The day came. My dad was up and around. He went down to the job to see what was happening. He was back. I started working with him again, picked up where we left off.
I was doing well, learning different trades, learning to work with all kinds of people, learning about life. I was feeling good.

I knew he was drinking when he pulled up to me in his old van in the street and said “get in, we got work to do”. I was playing stick ball and felt as usual, embarrassed by his drunkenness. Whether I wanted to admit it or not, I couldn’t hide it from my friends anymore. The lies, the stories, the shame-they knew how it was for us-they knew he was a drunk. Sometimes, some of the guys would say- “we never knew if we would ever see you again” after different scenes in the street.
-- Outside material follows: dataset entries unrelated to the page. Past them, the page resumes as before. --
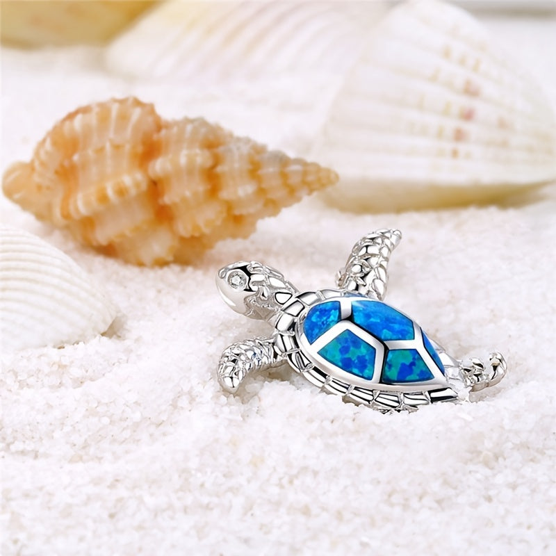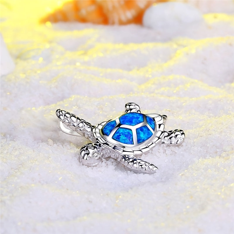 This stylish necklace features a silver turtle charm, perfect for holiday wear.
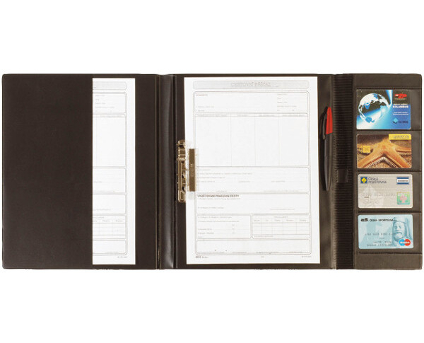 Kapsy na založení dokumentů, rychlosvorka, kapsy na vizitky a platební karty.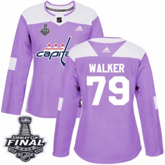 • Women's Adidas Washington Capitals #79 Nathan Walker Authentic Purple Fights Cancer Practice 2018 Stanley Cup Final NHL Jersey
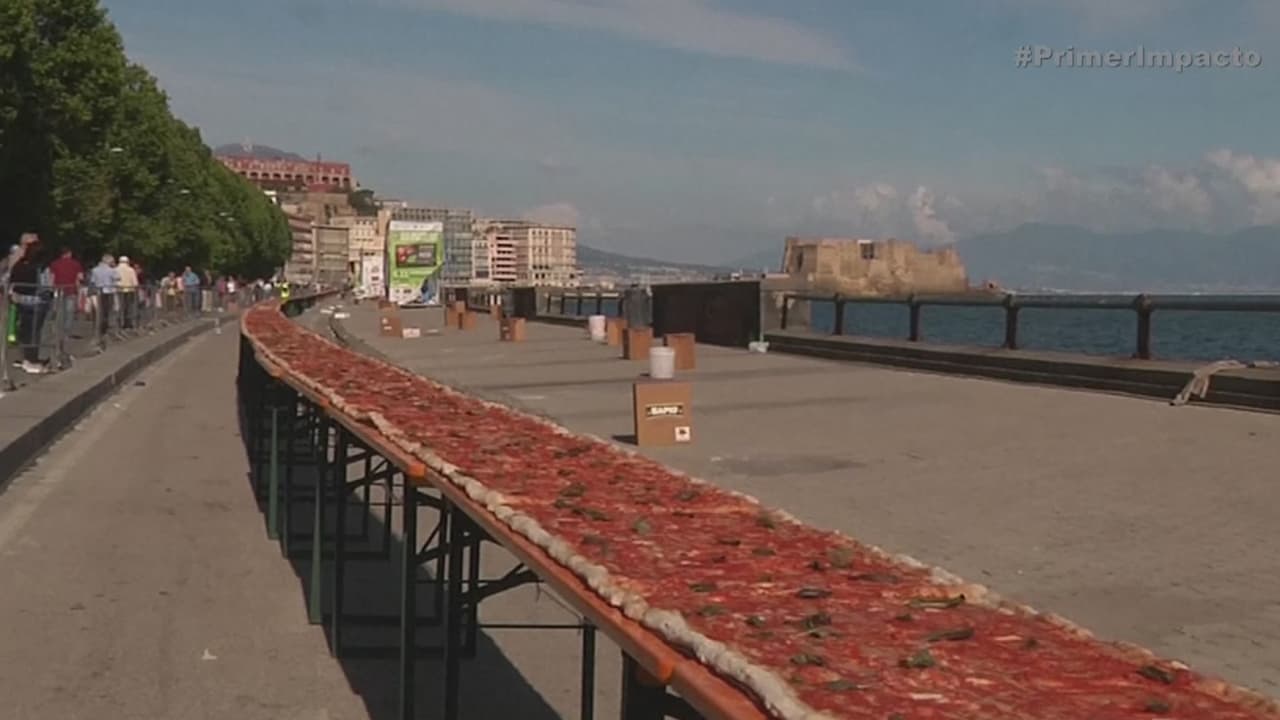 Más de 400 cocineros entraron al libro de Récord Guinness luego de elaborar la pizza más grande del mundo, nada menos que de 6 mil pies de largo.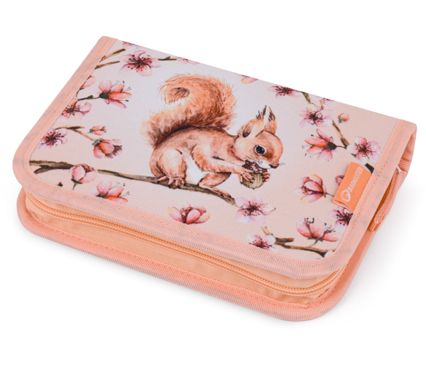 Školní penál. Díky dvěma chlopním nabízí dostatek prostoru i přehledné uspořádání všech školních pomůcek.

He said “I told you, that night in the hospital, we were going after them, I’m ready now”.
I slithered into the seat and said o.k. We drove around for weeks. All different neighborhoods, all different times. Some of those times, as much as I vowed never to be like my father, I wished I was drunk too. Anything to get away from that nagging, relentless, aching fear I walked around with. I saw my old man peer into hallways, look in the stores, scrutinize faces on the street. We went out for a long time when eventually it stopped. I couldn’t help but wonder, dread and agonize over if and when we did find them. Thank God we never did. Life was back to usual. I met my mom to walk her home. I defended my brother in the street and at school and protected my sister. I worked two jobs, gave half my money to my mom, worked with my dad and we all lived in fear. One thing changed though. My mom came home one day and said we’re moving. She said “I found a nice place in the North Bronx to rent”. We knew my old man would have real trouble moving. He didn’t do anything that required change too well. I was both encouraged and depressed. Sad to lose my street friends and encouraged that my mom is starting to step up to the plate. We moved that spring. I said goodbye to my friends-told them I’d still be around-after all, I work for my dad and the shop is in the building-they knew I was selling out. On moving day, the moving van was loaded up as was my father’s truck. We all loaded into it when I realized he was drunk. I said to my mom and brother and sister to get out we will not drive with him while he was drunk. They stayed in the truck-didn’t want the hassle. I took the bus.